-
Notifications
You must be signed in to change notification settings - Fork 2.2k
Description
EDIT: We decided to go with the more aggressive timeline, adding a beta-level feature flag to cert-manager in v1.18 which can be disabled. A future release - likely v1.19 - will make the flag GA and stop it from being disabled.
Flynn from Buoyant reminded me about the default value for PrivateKeyRotationPolicy
being Never
and how unintuitive that can be for users.
This default can be harmful to say the least. We document that there's a footgun but that only goes so far.

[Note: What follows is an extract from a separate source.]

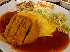 台北の排蛋包!日式猪排蛋包(とんかつオムライス)110元(=300円)、味噌汁つき。 トンカツ、マカロニ、キャベツ、豆腐煮が載る。トマトの形が残るトマトソース、裏返し卵、中は硬めのケチャップライス、具は玉ねぎ。期待してたより美味しかった。硬めのケチャップライスにトマトソースをからめて食べる。トンカツも真っ当、味噌汁は鹿児島のように甘い。プラスチックの小さなスプーンは食べ難い。 オムライス単体だけはなく、海老フライ、から揚げなどの必ずトッピングが付く。ソースは、トマトソースとカレーソースが選べる。 |

Flynn's concerns have convinced me that we should move forwards with fixing this. Flynn advocated for a major version bump (cert-manager v2); I think our use of semver hasn't ever been literal and we've made bigger changes in minor releases before, though. Talking about v2 opens a big can of worms around other breaking changes which would distract from this specific issue, so I'm proposing a change in a minor release.
Why change?
Security; if a private key is exposed, users may (reasonably) assume that re-issuing a certificate (e.g. using cmctl renew
) will generate a new private key. Flynn's point is that unless a user has already deeply read the cert-manager docs (which most won't have, it's pretty simple to get cert-manager working for most) this is highly surprising and will mean that cert-manager isn't protecting the user from something they expect.
Users who need to not change the private key on rotation (e.g. if they want to preserve it and just change the cert, which is less common but still happens) would need to explicitly set the rotation policy to never to avoid losing the key.
Proposal
I think we should change the default to Always
ASAP and provide a short-term option for people to maintain the old behavior. I propose two options for timelines below.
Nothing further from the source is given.